The US trade representative’s office told Congress it wants to negotiate new trade deals with the UK, EU and Japan.
“We will continue to expand US trade and investment by negotiating trade agreements with Japan, the EU and the United Kingdom,” US trade representative Robert Lighthizer said.
Under fast-track rules, the US cannot start talks with the EU, Japan and the UK until 90 days after notifying Congress.
The letter to Congress on Britain said it planned to start talks “as soon as it is ready” after Britain exits the EU on 29 March. The US wants to develop “cutting edge obligations for emerging sectors where US and UK innovators and entrepreneurs are most competitive.”

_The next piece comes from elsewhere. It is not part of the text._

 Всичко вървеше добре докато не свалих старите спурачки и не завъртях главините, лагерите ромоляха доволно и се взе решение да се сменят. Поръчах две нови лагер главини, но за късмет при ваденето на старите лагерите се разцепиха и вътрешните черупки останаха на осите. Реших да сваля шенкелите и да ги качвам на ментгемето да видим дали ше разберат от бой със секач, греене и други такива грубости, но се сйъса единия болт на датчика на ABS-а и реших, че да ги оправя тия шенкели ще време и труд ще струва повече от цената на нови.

A UK government spokesperson said: “The UK welcomes the US administration’s confirmation that it intends to begin negotiations for a free trade agreement with the UK once we have left the EU.
‘The UK-US trade and investment working group has been exploring ways to boost trade and investment ties, including laying the groundwork for a future free trade agreement, and the talks have been positive.

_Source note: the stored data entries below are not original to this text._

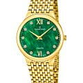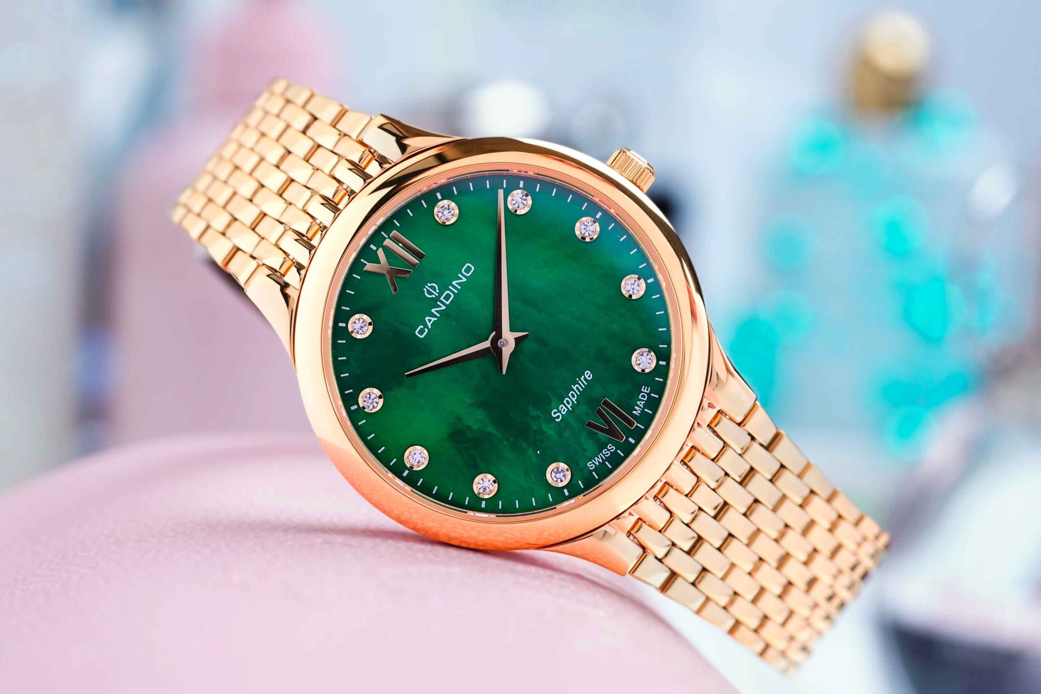 Женские кварцевые часы Candino из коллекции Series 1947 — это утончённый аксессуар, сочетающий минимализм и швейцарское качество. Корпус диаметром 33,5 мм и толщиной 6 мм выполнен из нержавеющей стали 316L с PVD-покрытиемPVDУльтратонкое покрытие наносится в технике вакуумного напыления, сочетает в себе нитрид титана особой прочности со слоем золота или оксида хрома. Несёт в себе декоративную или защитную функцию. жёлтого золота. Циферблат зелёного цвета оформлен двумя стрелками без индикации даты, что придаёт дизайну чистоту и элегантность. Циферблат защищён сапфировым стекломСапфировое стеклоПрочный и надёжный материал из кристалла сапфира синтетического происхождения, характеризующийся особой твёрдостью и устойчивостью к царапинам и повреждениям., устойчивым к царапинам. Метки циферблата выполнены из циркония. Механизм — кварцевый произведённый в Швейцарии. Часы оснащены стальным браслетом с PVD-покрытиемPVDУльтратонкое покрытие наносится в технике вакуумного напыления, сочетает в себе нитрид титана особой прочности со слоем золота или оксида хрома. Несёт в себе декоративную или защитную функцию. жёлтого золота на застёжке «бабочка» с кнопкамиЗастёжка "бабочка"Такой вид застёжки дополняется предохранителями, помогающими избежать случайного раскрытия браслета. Обладают изящным исполнением. . Водонепроницаемость 50 м позволяет использовать часы в повседневных условиях. Гарантия — 2 года. Идеальный выбор для тех, кто ценит лаконичный стиль, точность и надёжность.
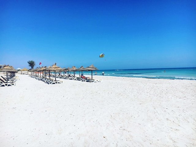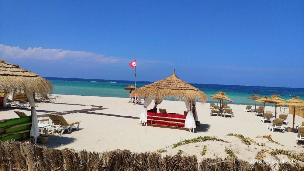 Profitez du sable fin et des eaux turquoise depuis notre hôtel avec plage privée à Djerba. Exclusivement réservée aux clients de l’hôtel, cette oasis de beauté naturelle garantit tranquillité et farniente tout au long de la journée. Parasols, chaises longues et service de serviettes (changement avec caution de 1 €) sont à disposition pour un maximum de confort.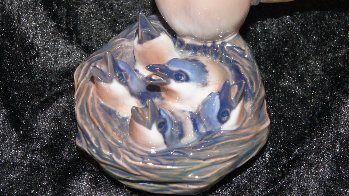 Dahl Jensen Figure of Bird mother with cubs Decoration number # 1349 1st grade (very nice in the colors) Height 12 cm. Length 16 cm. Nice and well maintained condition
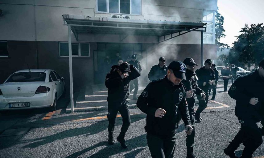İzmir'de Polis Okulunda Yangın Tatbikatı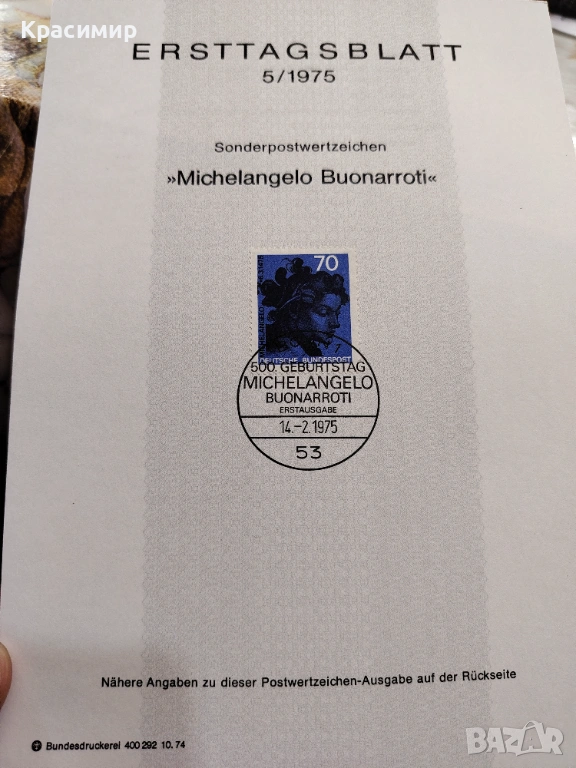ERSTTAGSBLATT 14.2.1975. → Обява 53474861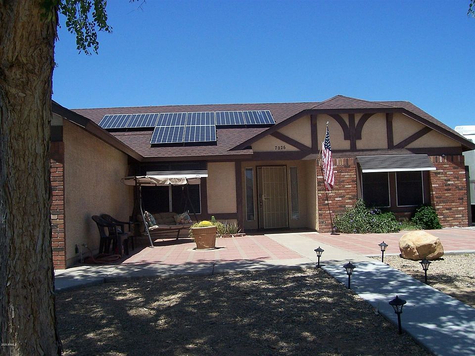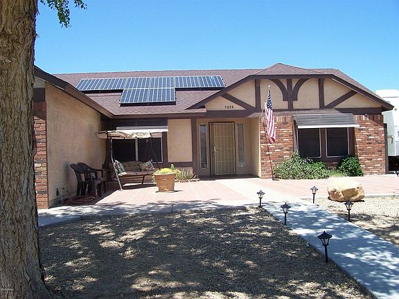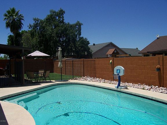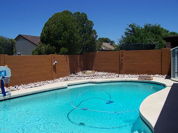Bricked front courtyard welcomes you to this 3 bedroom, 2 bath home, with diving pool. Great room/dining room with vaulted ceilings, sliding glass door to patio. Eat-in kitchen, white cabinets, stainless appliances. Laminate flooring in kitchen, dining area, baths, laundry, & hallways, carpeting in greatroom & bedrooms. Master bedroom/split floor plan, with vaulted ceiling and sliding glass door to backyard & large covered patio. Fenced diving pool (diving board has been removed & won't be replaced). RV gate & large slab extending length of home, on west side, possible RV parking on east side. No HOA. Easy access to the 101, Arrowhead Mall, and the Westgate Entertainment & Sports Arenas.
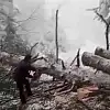 Kar ve rüzgardan yola devrilen ağaç kesilerek kaldırıldı

“The government is taking steps to ensure we are ready to begin negotiations including through consulting the British public on their views on what a free trade agreement should look like.”
The letter on the EU said the EU and US have $1.1 trillion (£835bn) in annual two-way trade, “the largest and most complex” economic relationship in the world, and added that the United States has a $151.4bn trade deficit in goods.
The administration aims to “address both tariff and non-tariff barriers and to achieve fairer, more balanced trade” with the EU and Japan, the letters said.
Japan “is an important but still too often underperforming market for US exporters of goods,” the letter said. It said the US had a $69bn trade deficit in goods with Japan, much of that in the car sector.
The letters from Lighthizer to Congress come weeks after the US won agreement on reworking the North American Free Trade Agreement (NAFTA) with Mexico and Canada.